C.S. Lewis’s allegory Pilgrim’s Regress features among its characters, fictional occupants of “North” and “South” regions.

Although not intended as a commentary on politics, when I first read the book years ago, part of the descripton of these regions reminded me of the extremes that can manifest in groups. I found the comparison somewhat humorous and enlightening:

The Northerners are the men of rigid systems whether skeptical or dogmatic, Aristocrats, Stoics, Pharisees, Rigorists, signed and sealed members of highly organised "Parties".

The Southerners are by their very nature less definable; boneless souls whose doors stand open day and night to almost every visitant, but always with readiest welcome for those, whether Maenad or Mystagogue, who offer some sort of intoxication.

The delicious tang of the forbidden and the unknown draws them on with fatal attraction; the smudging of all frontiers, the relaxation of all resistances, dream, opium, darkness, death, and the return to the womb.

Every feeling is justified by the mere fact that it is felt: for a Northerner, every feeling on the same ground is suspect.

An arrogant and hasty selectiveness on some narrow a priori basis cuts him off from the sources of life.

Below is the larger context of that passage. I’ve broken up the long paragraphs and added a few sub-heads to make the text more ‘readable’ via the screen.

It’s worth noting the book was first published in 1933; I believe this editorial note was added to the third edition. It references Nazis and war on the Don so I’m thinking it was published in or around 1941.

What stands out to me the most in the passage below is the observation in the first paragraph and the notion that factions at the edges often combine elements from both extremes of the pendulum.

The symbols of North and South #

The things I have symbolized by North and South, which are to me equal and opposite evils, each continually strengthened and made plausible by its critique of the other, enter our experience on many different levels.

In agriculture we have to fear both the barren soil and the soil which is irresistibly fertile.

In the animal kingdom, the crustacean and the jellyfish represent two low solutions of the problem of existence.

In our eating, the palate revolts both from excessive bitter and excessive sweet.

In art, we find on the one hand, purists and doctrinaires, who would rather (like Scaliger) lose a hundred beauties than admit a single fault, and who cannot believe anything to be good if the unlearned spontaneously enjoy it: on the other hand, we find the uncritical and slovenly artists who will spoil the whole work rather than deny themselves any indulgence of sentiment or humour or sensationalism.

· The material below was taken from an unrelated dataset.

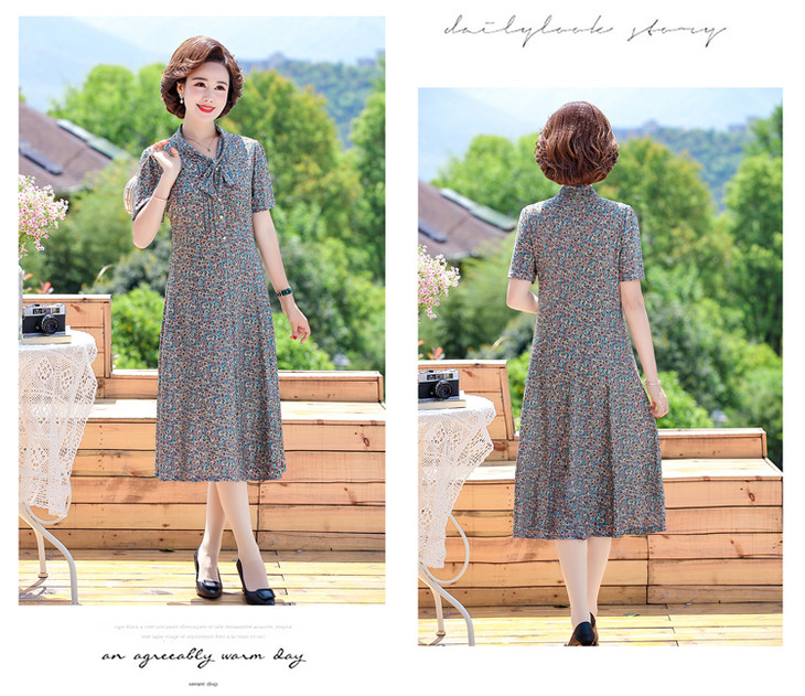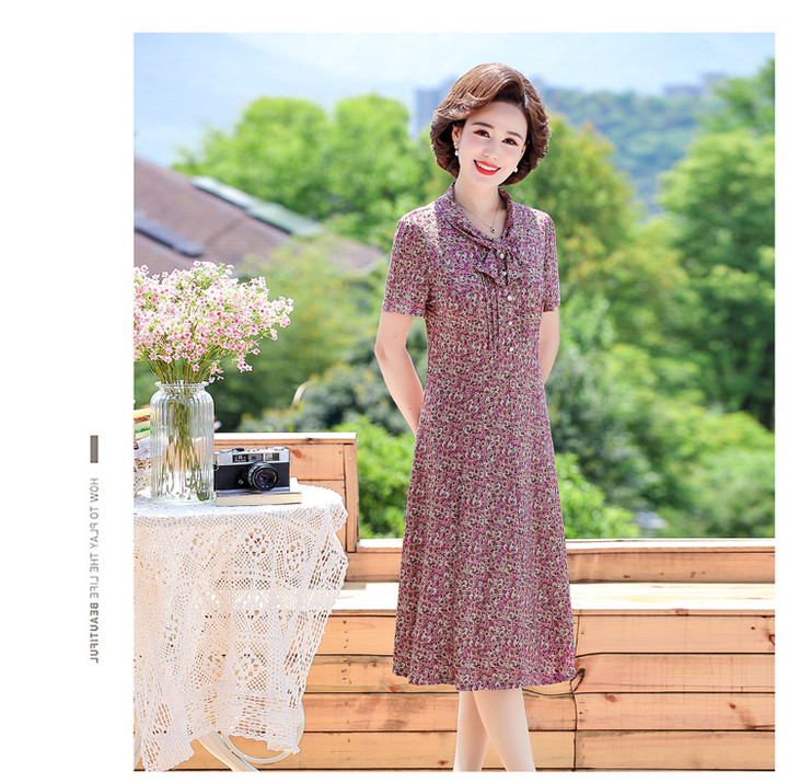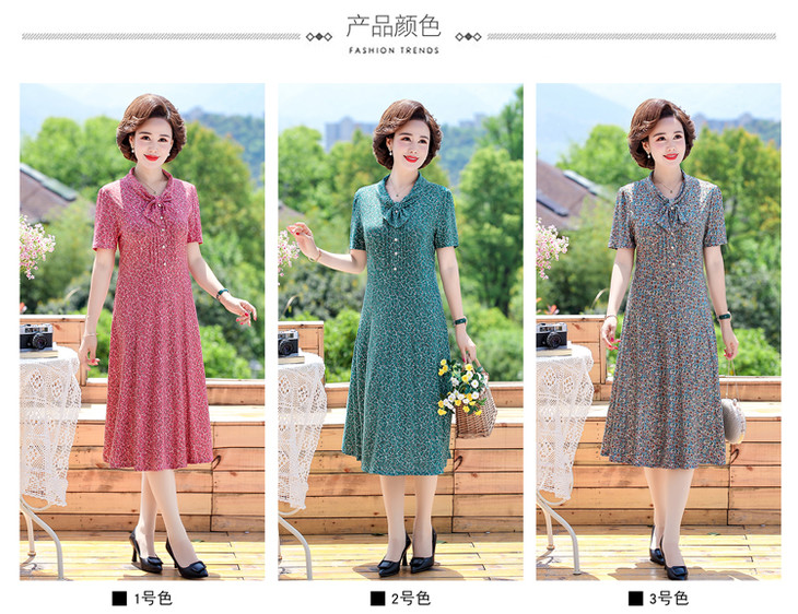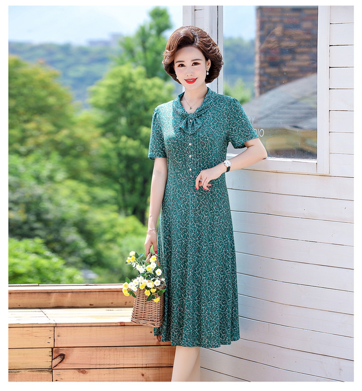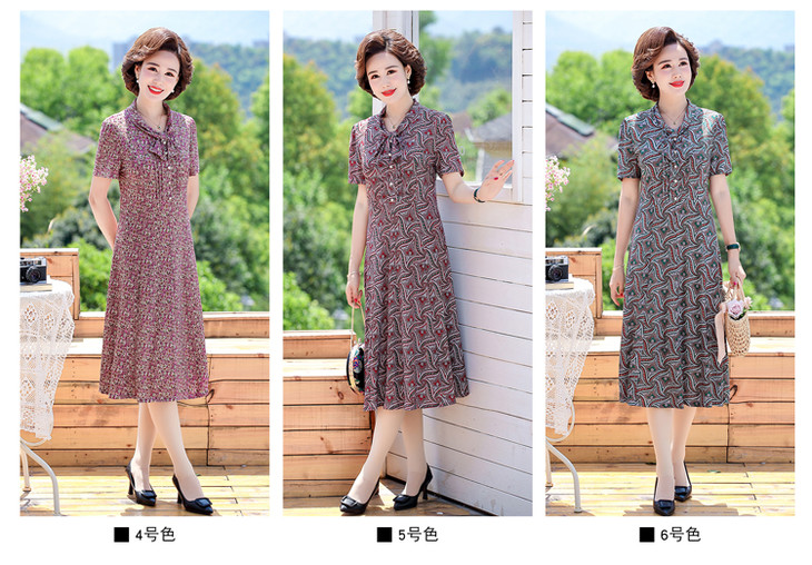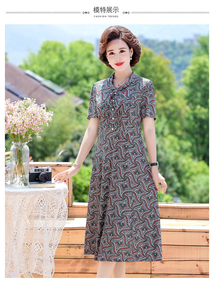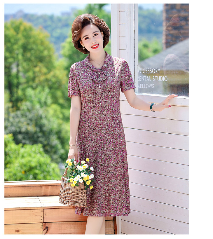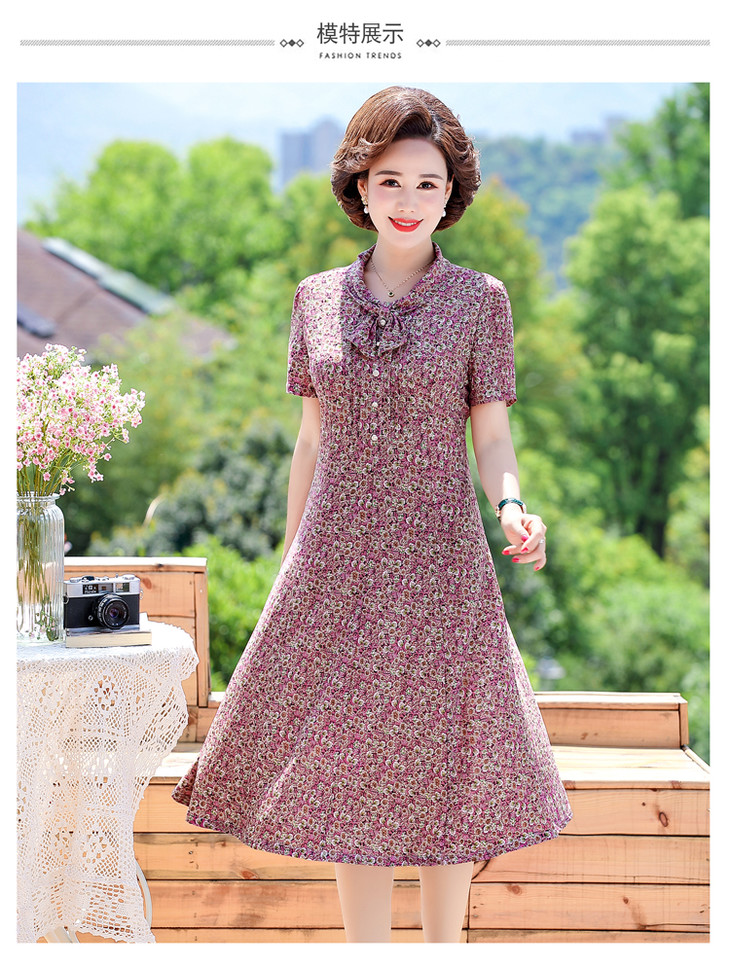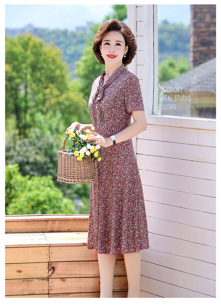 JCG-6354夏季新款洋气妈妈短袖裙子贵夫人碎花过膝中老年连衣裙

Everyone can pick out among his own acquaintance the complexions, dryness and taciturnity of the one, the open mouths, the facile laughter and tears, the garrulity and (so to speak) general greasiness of the others.

The Northerners are the men of rigid systems whether skeptical or dogmatic, Aristocrats, Stoics, Pharisees, Rigorists, signed and sealed members of highly organised "Parties".

The Southerners are by their very nature less definable; boneless souls whose doors stand open day and night to almost every visitant, but always with readiest welcome for those, whether Maenad or Mystagogue, who offer some sort of intoxication. The delicious tang of the forbidden and the unknown draws them on with fatal attraction; the smudging of all frontiers, the relaxation of all resistances, dream, opium, darkness, death, and the return to the womb.

Every feeling is justified by the mere fact that it is felt: for a Northerner, every feeling on the same ground is suspect. An arrogant and hasty selectiveness on some narrow a priori basis cuts him off from the sources of life.

In Theology also there is a North and a South. The one cries "Drive out the bondmaid's son," and the other "Quench not the smoking flax." The one exaggerates the distinctiveness between Grace and Nature into a sheer opposition and by vilifying the higher levels of Nature (the real praeparatio evangelica inherent in certain immediately sub-Christian experiences) makes the way hard for those who are at the point of coming in. The other blurs the distinction altogether, flatters mere kindliness into thinking it is charity and vague optimisms or pantheisms into thinking that they are Faith, and makes the way out fatally easy and imperceptible for the budding apostate. The two extremes do not coincide with Romanism (to the North) and Protestantism (to the South). Barth might well have been placed among my Pale Men, and Erasmus might have found himself at home with Mr. Broad. [The Pale Men and Mr. Broad are C.S. Lewis characters.]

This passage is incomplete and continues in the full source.